I am more of a computer guy than a cellphone guy. I know that she could have deleted all evidence from her phone. The phone logs on our bill wouldn't be changed though. I was just saying that when I checked I didn't find anything. I've read that some programs can recover deleted information, I have not tried that as I wasn't able to get her phone without her around and when she told me that she was raped I tried to forget about the affair allegations and chalk it up to that. We both have the same phones, Samsung S6. Her computer however is a Mac and I don't know if that would be harder to track. I hate Apple products and I am not as familiar with iOS software as PC.

I didn't think about using an app to communicate. I looked through her apps for things like Tinder, but didn't find anything. If she had a secondary phone I don't know about it and have never seen one around. It seems like an extreme length to go to, but I've never cheated so what do I know. 

We actually have a voice activated recorder lying around here somewhere, I think. I have no idea where I would put it though. She talks to family and friends in the house and doesn't hide those conversations. Her car would be the next place I guess. I've have not seen her go to her car to take calls but I also don't watch her closely either. 

If she is not having an affair: It's probably wishful thinking to think she will take her medication, it will start to kick in over the next few weeks, she will go to therapy and our lives will go back to the way they were. 

I think I am going to have a hard time with the lying. She played the part well and being married to a good liar does not sound like a good time. I don't want to be questioning everything in our past, present and future. We struggled for 2 years with trying to get and stay pregnant. She was often very upset and wondering why she couldn't stay pregnant and why it was taking longer than expected to get pregnant each time. When a doctor was trying to figure out a reason she straight up lied about ever being pregnant before and aborting. She could have easily just told me she had been pregnant once before, had an abortion because she was too young and that would be the end of it. She knows I'm pro-choice, she claims to be anti. It is definitely relevant to her fertility. She also knows that I have a sexual history and didn't care if she did. It's not as if I was a virgin as well and only wanted a virgin. Even right before this came out she would say that I was the only person she had been with, without me prompting. The conversation could have gone on without that piece but she would throw it in. She is so wound in the part she's played that who knows if she can come out of it. Was she just scared or is she a pathelogical liar.


----------



## Tobyboy (Jun 13, 2013)

Who is the male friend that she told about the rape and is he still in the scene? This is where you should start your investigation, spying, verifying, researching......... whatever you want to call it. Don't let others tell you what your deal breakers are!!!


----------



## rawlyk (Jun 18, 2017)

Tobyboy said:


> Who is the male friend that she told about the rape and is he still in the scene? This is where you should start your investigation, spying, verifying, researching......... whatever you want to call it. Don't let others tell you what your deal breakers are!!!

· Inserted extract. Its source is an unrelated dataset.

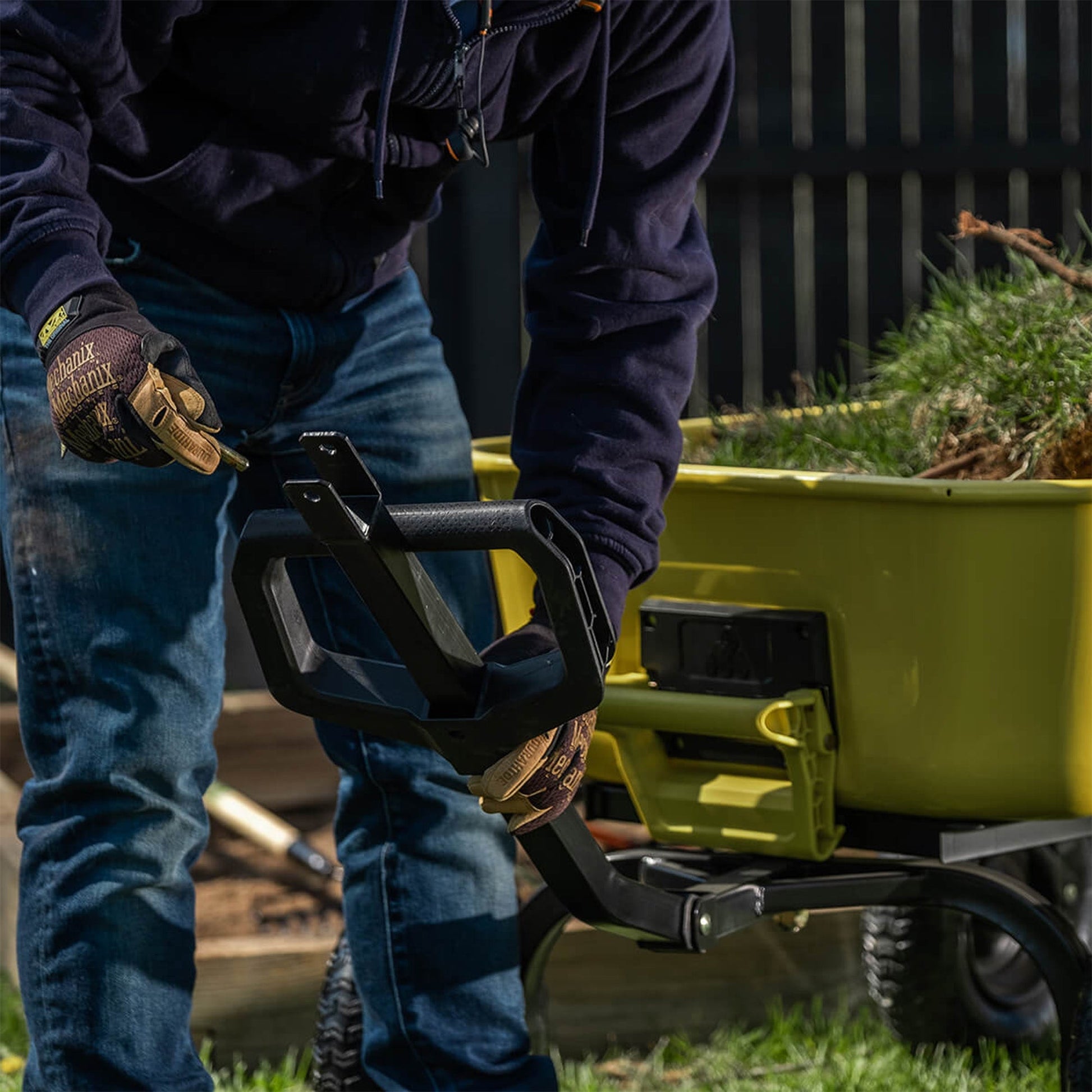 - Patented quick-release dumping system allows you to easily unload garden essentials such as mulch and fertilizer
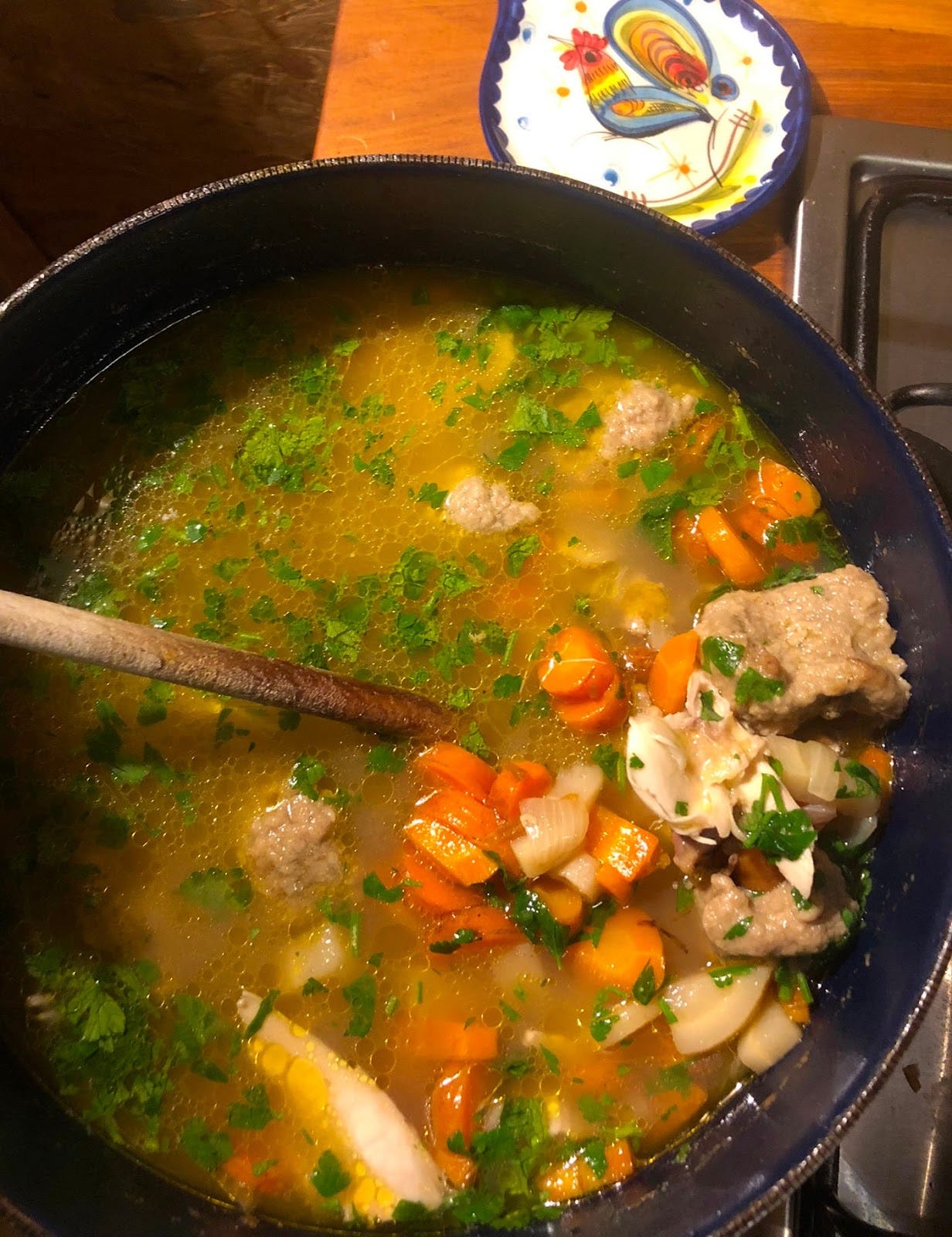 It’s almost ten by the time everything is washed, chopped, and salted. The cast-iron pot is placed on the wood stove, where it will humidify our home with the lovely aroma of chicken broth as we settle into our new life as a family of four.

He was a very close friend that she had in high school. She said they are no longer in contact and haven't been for 5 years. She didn't say why, other than they both moved and lost contact. She doesn't even have him on Facebook, though she use to because when I went way back I found posts from him on her wall and pictures.


----------



## rawlyk (Jun 18, 2017)

jld said:


> If her parents cannot be trusted, and in particular if she does not trust them, then I agree you should not tell them.
> 
> I do not think divorce seems extreme in these circumstances. I think it might actually be very helpful in her becoming more honest with herself.
> 
> ...


Invading her privacy is a trust breaker but if she won't open up to me and it like a chance to save our marriage what choice do I have? I don't want to sweep it under the rug but also don't want to throw in the towel so easily. Maybe I'm being stupid. There has never been a divorce in my family and I'd rather not be the first. It's feeling inevitable right now. If it is just rape that I'm dealing with I don't want to give a forceful ultimatum. I want to be able to go back and her to be honest from the beginning. That, of course, can never happen.


----------



## jld (Dec 1, 2013)

rawlyk said:


> Invading her privacy is a trust breaker but if she won't open up to me and it like a chance to save our marriage what choice do I have? I don't want to sweep it under the rug but also don't want to throw in the towel so easily. Maybe I'm being stupid. There has never been a divorce in my family and I'd rather not be the first. It's feeling inevitable right now. If it is just rape that I'm dealing with I don't want to give a forceful ultimatum. I want to be able to go back and her to be honest from the beginning. That, of course, can never happen.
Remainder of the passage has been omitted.